NASA had to announce the end of the mission that lasted almost nine years, during which the spacecraft launched a projectile that collided with a comet and threw materials from its shell, observed other comets and even planets outside the solar system

Deep Imcapt. Photo: NASA/JPL
Deep Imcapt. Photo: NASA/JPL

After almost nine years in space, the Deep Impact mission ended, when its highlights were a projectile shot to hit one comet, a flyby of a second comet, and the transmission of about half a million images of celestial objects.

The project team at NASA's Jet Propulsion Laboratory (JPL) in California unenthusiastically announced that the mission had come to an end after being unable to contact the spacecraft for over a month. The last contact with Deep Impact was on August 8, 2013. Deep Impact was the largest comet hunter in history after swallowing 7.6 million km.

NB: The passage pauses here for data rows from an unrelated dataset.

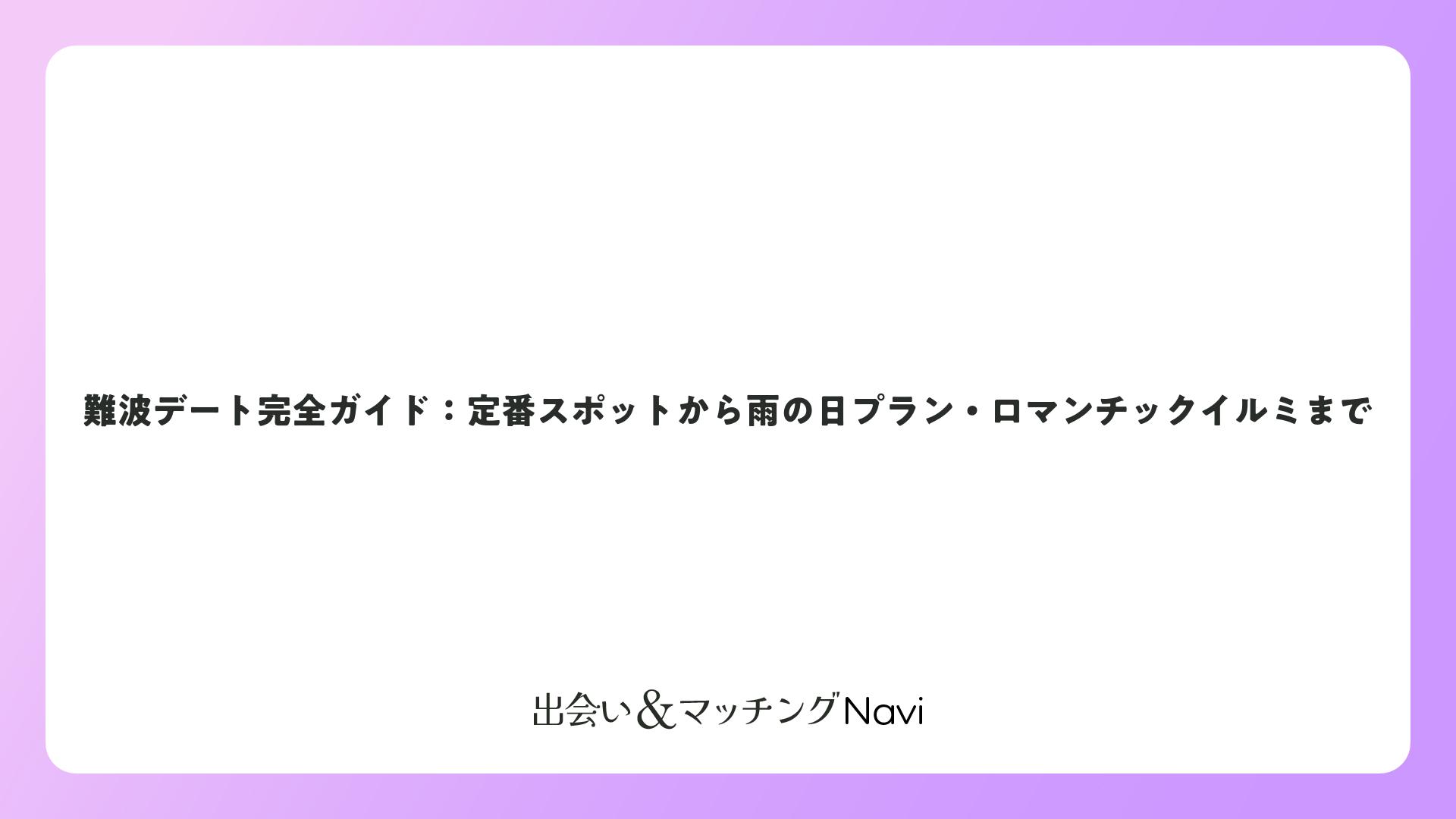 難波デート完全ガイド:定番スポットから雨の日プラン・ロマンチックイルミまでをまとめました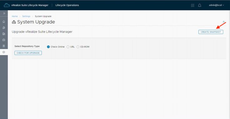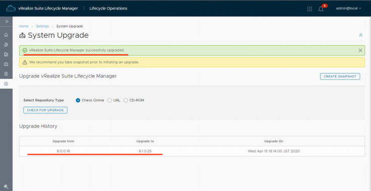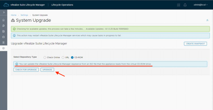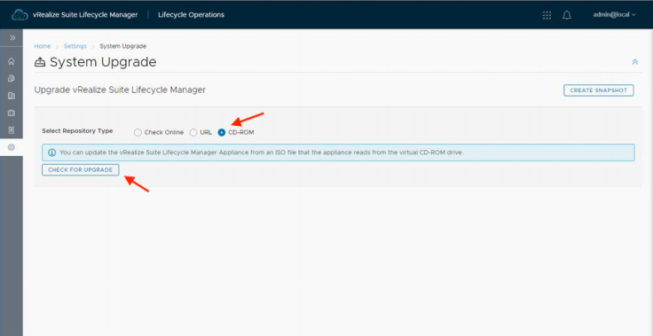 스냅숏 작성이 끝났다면 vRSLCM의 가상 CD 드리이브에 업그레이드용 ISO 파일을 마운트 하여 「CD-ROM」를 선택 후 「CHECK FOR UPGRADE」를 실행합니다. 업그레이드 가능한 버전 체크나 ISO 이미지의 이상 유무를 확인할 수 있습니다.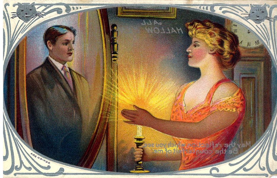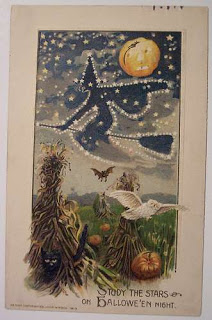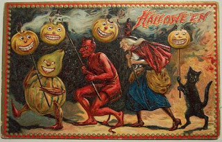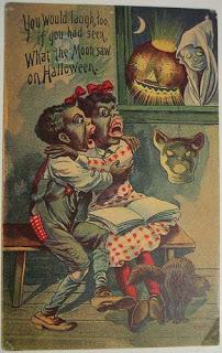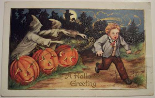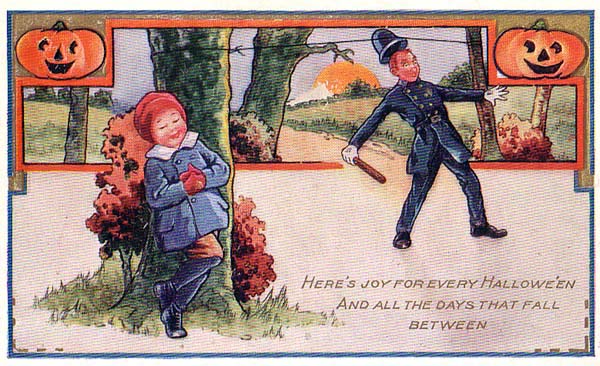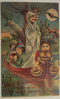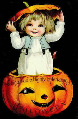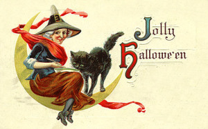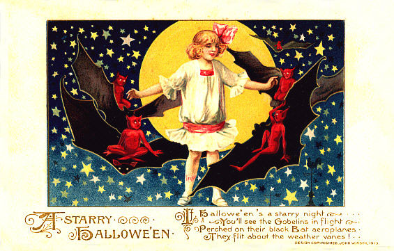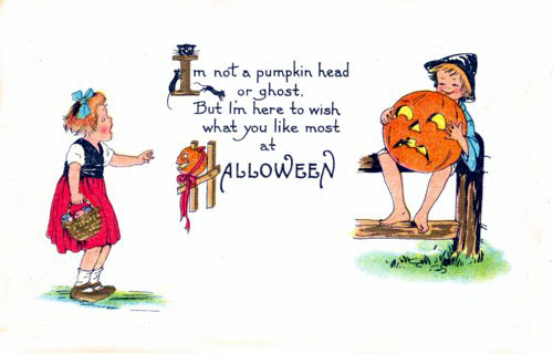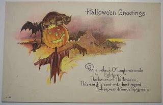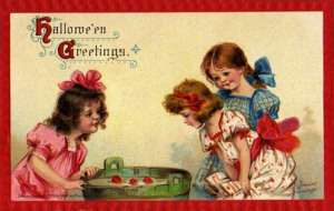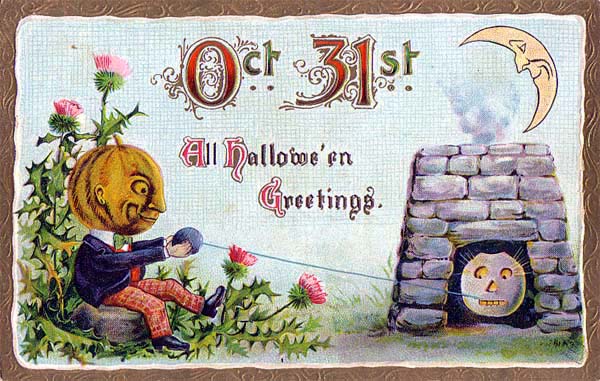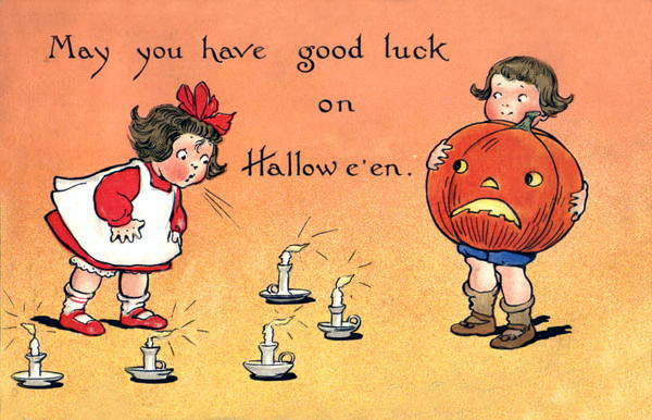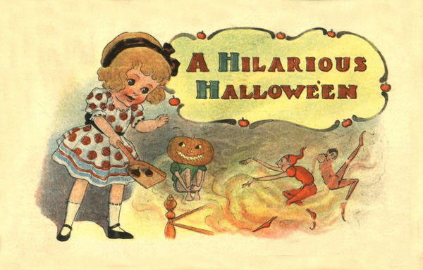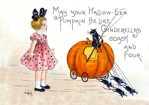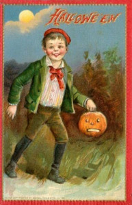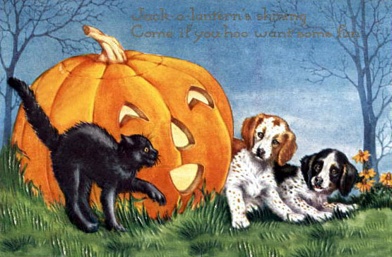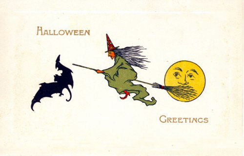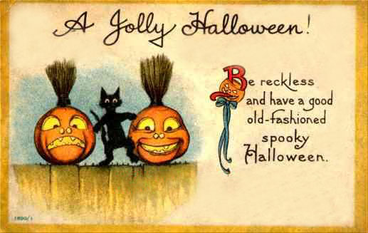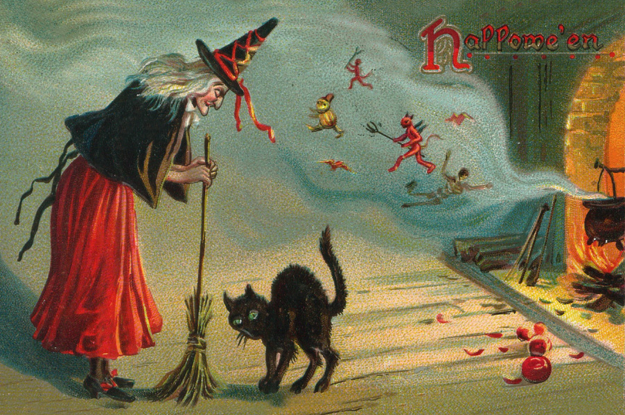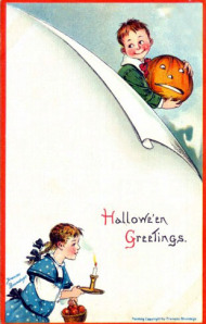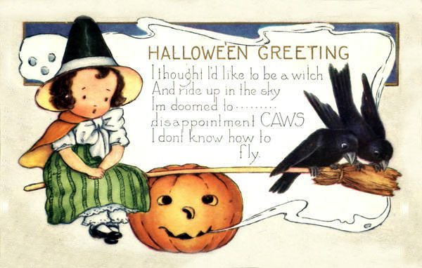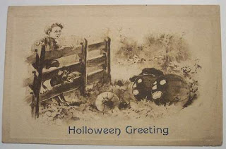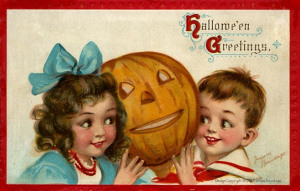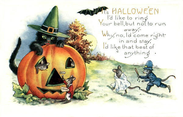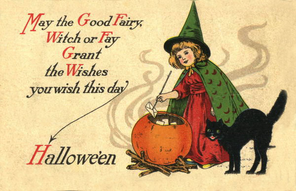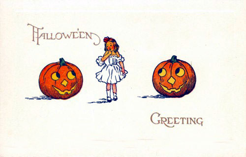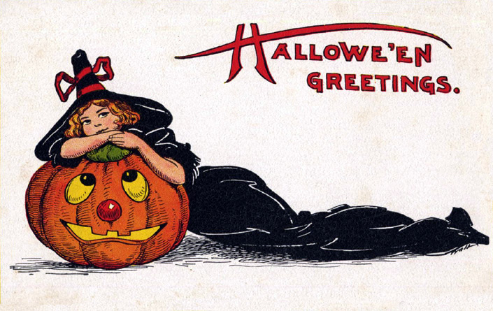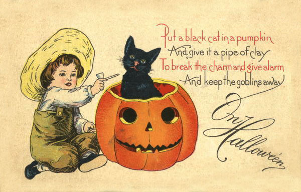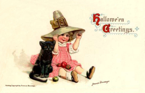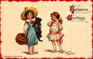 Postales de Halloween con un toque antiguo que las hace más encantadoras si cabe. En ellas predominan las brujas, gatos negros, calabazas, y muchos niños que les dan un aire de candor a todas las ilustraciones.

"Deep Impact was a fantastic spacecraft that survived a long time and produced much more data than we planned," says Mike O'Hearn, principal investigator of the Deep Impact mission at the University of Maryland in College Park. "She caused a revolution in our understanding of comets and their activity."
Deep Impact successfully completed its complicated original mission in six months in 2005 - investigating the surface and internal composition of a comet, and a follow-up mission with a flyby of another comet and observation of planets around other stars between July 2007 and December 2010. Since then, the spacecraft has continued to serve as a deep space observatory, To photograph the planets and collect some data on some occasional targets using the telescope and the instruments the spacecraft was equipped with.

The spacecraft was launched in January 2005 and flew about 430 million kilometers until it came close to the comet Temple 1. On July 3, 2005, the spacecraft launched a projectile into the orbit of the comet that collided with Galaino on July 4. This caused materials below the core's surface to fly into space so that they could be examined by the telescope and other instruments of the passing spacecraft. 16 days after the encounter with the comet, the spacecraft team placed it on a flight path back to Earth and in 2007 he aimed it at another comet - Hartley 2 where it arrived in November 2010.

"Six months after launch, this spacecraft has already completed its planned mission to study comet Temple 1," says Tim Larson, director of the Deep Impact project at JPL. "However, the scientific team continued to look for interesting things to do, and although the wisdom of our crew members in navigation and the support of NASA's Project Discovery personnel, the spacecraft continued to operate for another eight years and provided amazing results all along the way."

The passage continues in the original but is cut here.